Water-based primer for both bare and painted wood and water-based primer dries quickly.

acrylic (primer) paint

Water-based primer

Water-based primer is also called acrylic paint. You will not get a nice result without applying a primer. The lacquer would then completely absorb into the wood. Then you can see the trajectories of the paint layer and the deposits. So always use a primer! Before using a primer, degreasing is a first requirement! Read the article about degreasing here. Water-based primer is used for indoor use. After all, the Arbo has made these requirements. I therefore find it very understandable that this is the case. After all, a paint consists of solvents and these can be harmful. With water-based primers, the solvent is water. It is then good for yourself and for the environment. There are certainly also water-based paints that are suitable for outdoor use. Urethane is then added to this so that this paint is also resistant to weather influences.

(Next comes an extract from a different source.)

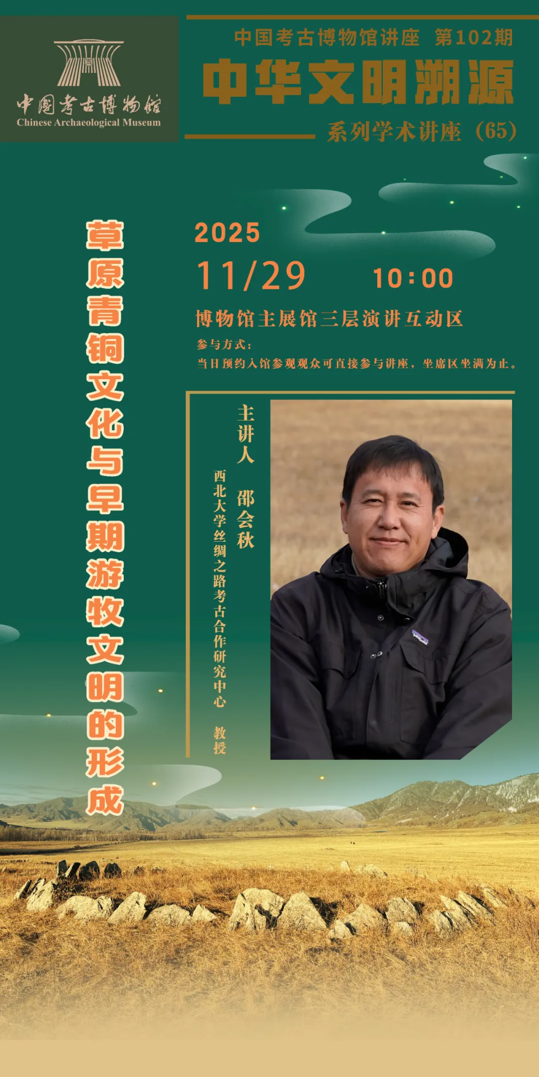 为推动中国考古文博事业高质量发展,更好认识源远流长、博大精深的中华文明,中国考古博物馆举办“中华文明溯源”系列学术讲座,邀请专家学者做客中国考古博物馆,与观众分享互动,聚焦关于中华文明起源与早期发展的重大考古发现和最新研究成果,为更好展示中华文明风采、弘扬中华优秀传统文化,建设中华民族现代文明贡献力量。敬请关注。
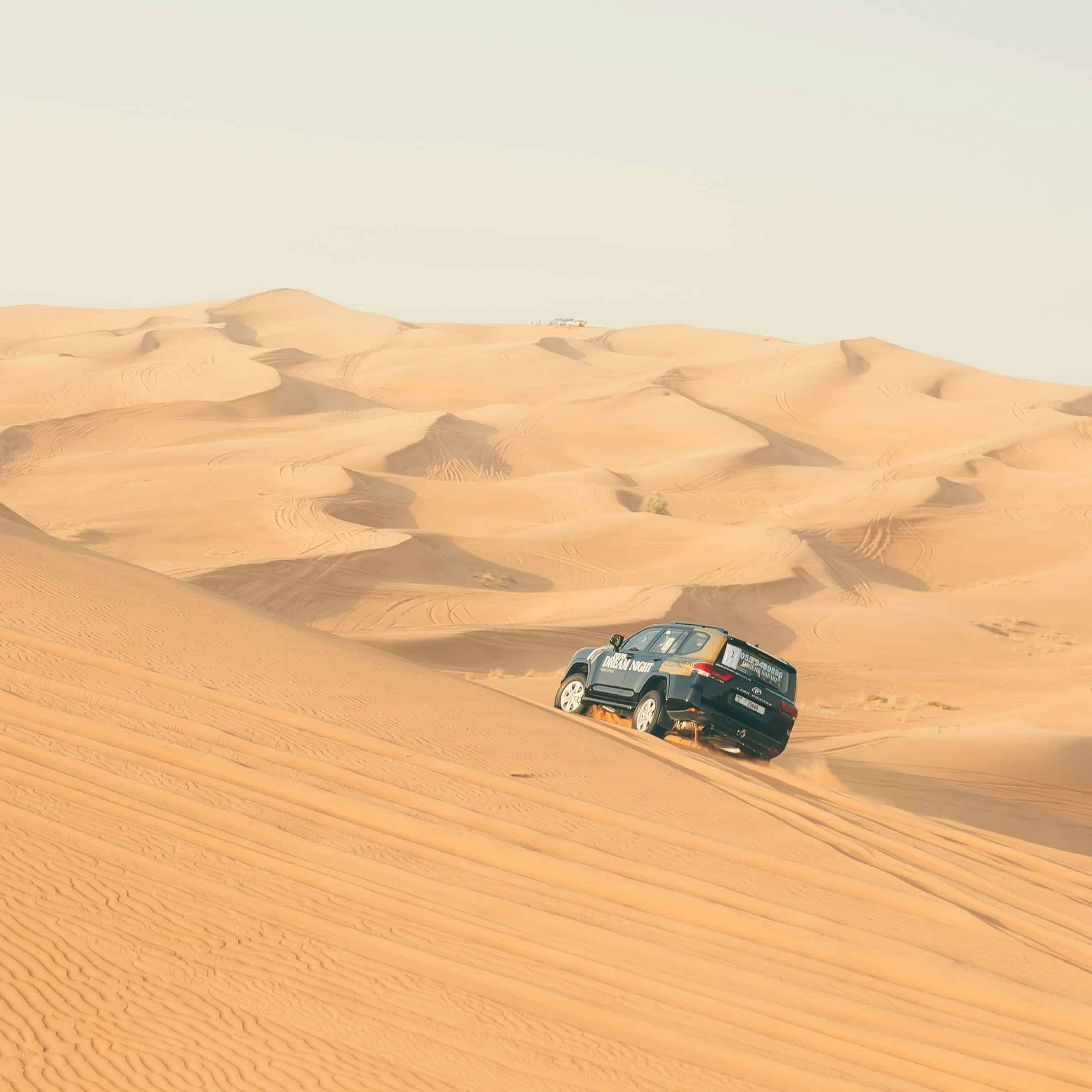 A: Dune bashing is a thrilling 4×4 off-road ride across the desert dunes, typically using modified SUVs like Toyota Land Cruisers, led by trained drivers.

Water-based primer can also be topped with alkyd paint.
Water-based primer

If you use a water-based primer, it makes sense that you use a topcoat that is also water-based. You should not forget before you finish painting that you first sand the water-based primer well. In addition to degreasing, sanding is also very important. After all, with sanding you increase the surface, so that you get a good adhesion of the next coat of paint. Read the article about sanding here. This is mainly done indoors. The exterior painting is often done with an alkyd paint over the water-based primer. Read the article about painting outside here. One condition is that you allow the primer to dry thoroughly. If you fail to do this, your primer will become viscous. Let the water-based primer dry well for at least 2 days. You also have to sand well to get a good bond. When you darken a topcoat, make sure that your primer is also the same color. This prevents the light primer from showing through. I think it’s a good thing that this water-based paint exists. The knife cuts well on both sides for the environment and not harmful to yourself. What is a disadvantage is that a lot of dust is released while sanding the primer. These are again damage. Make sure you always wear a good mouth cap. Do any of you have good experiences with a water-based primer? Or do you have a general question about this topic? Then leave a comment below this article.

I'm Joost Nusselder, the founder of Tools Doctor, content marketer, and dad. I love trying out new equipment, and together with my team I've been creating in-depth blog articles since 2016 to help loyal readers with tools & crafting tips.